Das wird ja immer komplizierter.
Nicht das ich nächste Woche hier noch ein Lexika brauche um mitreden zu könne.
Dann doch lieber der Kameramann.


----------



## Gast1661893802 (6. Juni 2020)

sauerlandboy79 schrieb:


> Sorry wegen meiner mangelnden Fantasie. War noch nie ein sonderlich kreativer Mensch.


Ach was, Batze konsomiert nur die besseren Pilze und/oder ist im C&C Rausch. 

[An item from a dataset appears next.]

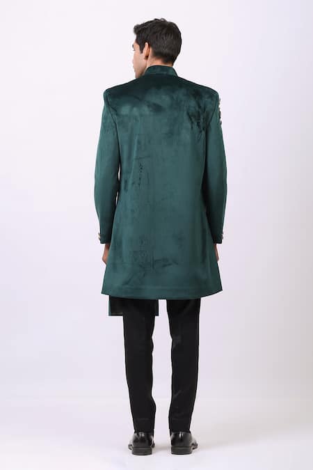 Bottle green bandhgala highlighted with embellishments, band collar & asymmetric hem.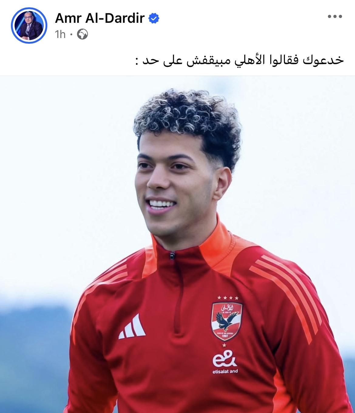 وكتب الدردير، عبر حسابه على “فيسبوك”: "خدعوك فقالوا الأهلي مبيقفش على حد".

Das Problem ist das in den USA eh alles etwas wichtiger klingen muß als es ist:
Billion = Milliarde
Vacility Manager = Hausmeister
worlds best = wir haben etwas brauchbares
the meal was excellent/fantastic = das Essen war lecker/gut
... und und und ...

Insofern wird Kameramann schon prima passen.


----------



## Batze (6. Juni 2020)

Hey, also über meine private /nur zur Eigennutzung  Pilzanbauplantage etwas sagen ,könnte Negative Auswirkungen haben.


----------



## RedDragon20 (6. Juni 2020)

Enisra schrieb:


> [...]und nicht *batzig* reagieren


Der war gut.


----------



## MrFob (6. Juni 2020)

Naja, der Berufsname des Cinematographers macht mMn komplett Sinn.
Cinema: Wie Batze schon richtig geschrieben hat, aus dem griechischen kinema = Bewegung abgeleitet steht halt fuer das bewegte Bild des Films.
Der "Grapher", ist - auch aus dem griechischen - einfach der Schreiber.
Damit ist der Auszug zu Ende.